The election of a Conservative government, with a solid majority, means that the passage of the Withdrawal Agreement through Parliament seems guaranteed; meaning that the UK will leave the EU on 31st January 2020. The provisions of the Withdrawal Agreement spell out that, from that date, the UK will be an independent coastal state, with regulatory autonomy over fishing within its exclusive economic zone, albeit subject to a transition period to the end of 2020, during which the UK would still be subject to the Common Fisheries Policy.
Fisheries Bill
The Government will also be in a position to reintroduce its Fisheries Bill to provide itself with powers to implement its programme on fisheries, including powers to control access over who is permitted to fish in UK waters, and to set its own quotas (accepting that for shared stocks, these will usually be set in cooperation with other coastal states.) The previous Bill was pulled after its provisions became at risk of the arithmetic in the previous Parliament.
Negotiations
Early next year, talks will begin between the UK and the EU on a framework fisheries agreement that will determine the shape of cooperation between the UK and EU, after the end of the transition period. A framework agreement could consist of very high-level statements, referencing cooperation on managing shared stocks, broad commitments to sustainable fishing, and compliance with the UN Law of the Sea. It is expected that a framework agreement could be concluded by the end of July. The current framework agreement between EU and Norway, is an obvious template.
Negotiations for an annual UK/EU fisheries agreement for 2021 would be expected to occupy the second half of 2020. There will also be tripartite and bilateral discussions with relevant coastal states such as Norway and Faeroes. The content of the annual fisheries agreement would include setting TACs, quota shares and exchanges, and access arrangements.
Both the EU and the UK accept, under the terms of the Withdrawal Agreement, that from the end of the transition period their fleets will have no automatic right to fish in each other’s waters. Access would be subject to negotiation, as would quota shares and quota exchanges.
The UK, in its White Paper, has made clear that some level of access could be granted to EU fleets to fish in UK waters, subject to the satisfactory negotiation of revised quota shares.
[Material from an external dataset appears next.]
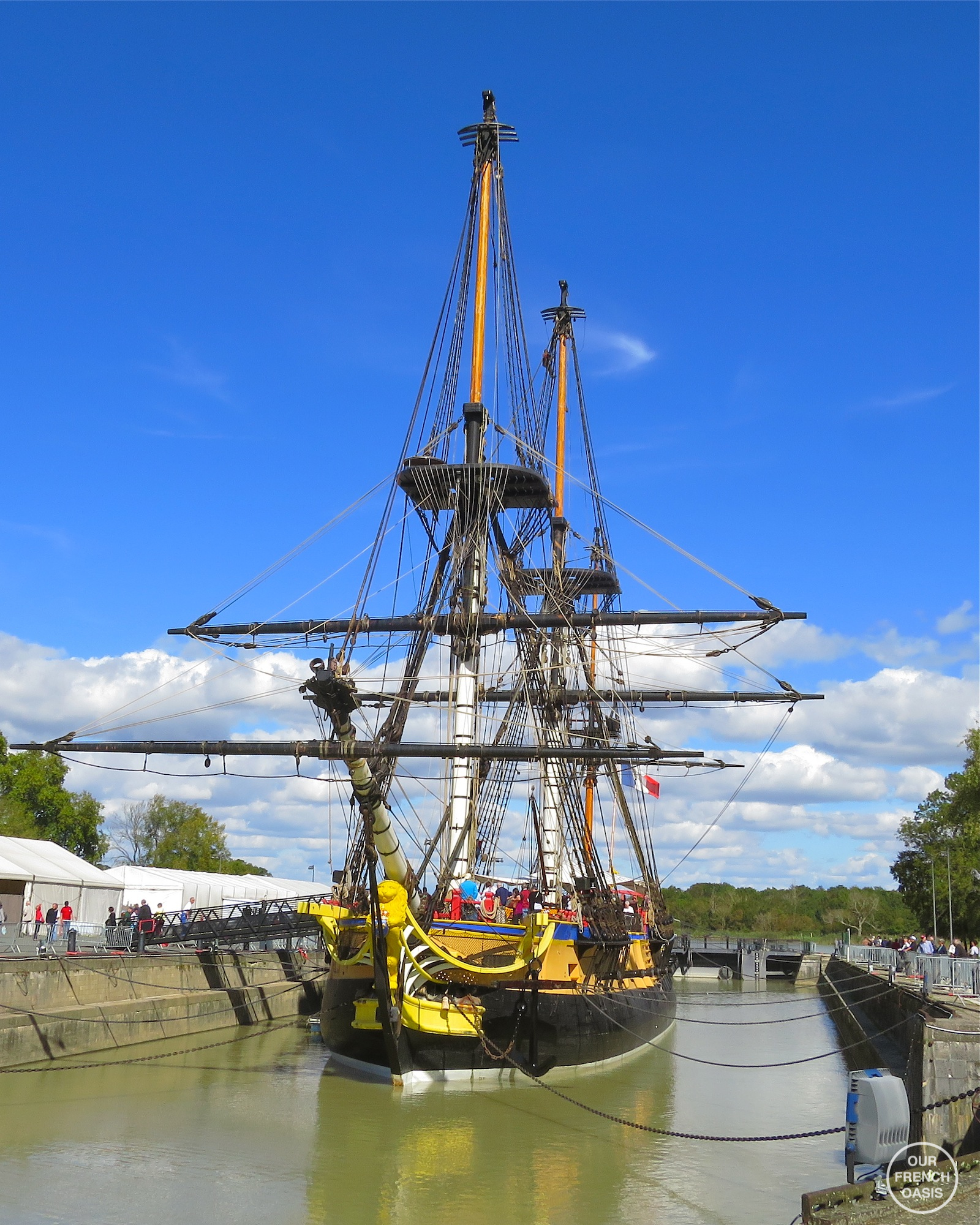 Finally we stopped by the Hermione, a replica of the ship which became famous when she ferried the French military officer the Marquis de Lafayette to the United States in 1780 for support to the rebels in the American Revolutionary War. She was grounded and wrecked in 1793. In 1997 her replica was started in Rochefort. She was completed last year and in April 2015 she began her return voyage to the USA arriving safely on the American coast in June. In August she returned to Rochefort amongst many celebrations.

The EU has made it equally clear that any free trade deal with the UK would be contingent on the status quo on access and quota shares.
In both the EU and the UK, fishing rights are a matter of high visibility and high political profile.
The stakes are therefore very high for all parties as we enter this next phase of negotiations with the EU. The UK fishing industry sees the UK’s departure from the EU as an opportunity to break free from a cumbersome and ineffective management system, and a chance to redress the asymmetrical access and quota arrangements which have worked to the UK’s disadvantage for 40 years. The EU will try to hang on to the current arrangements which work so well to its benefit.
Against this background, the NFFO will be working closely with UK Government to ensure that the commitments it has made on fisheries are delivered in full.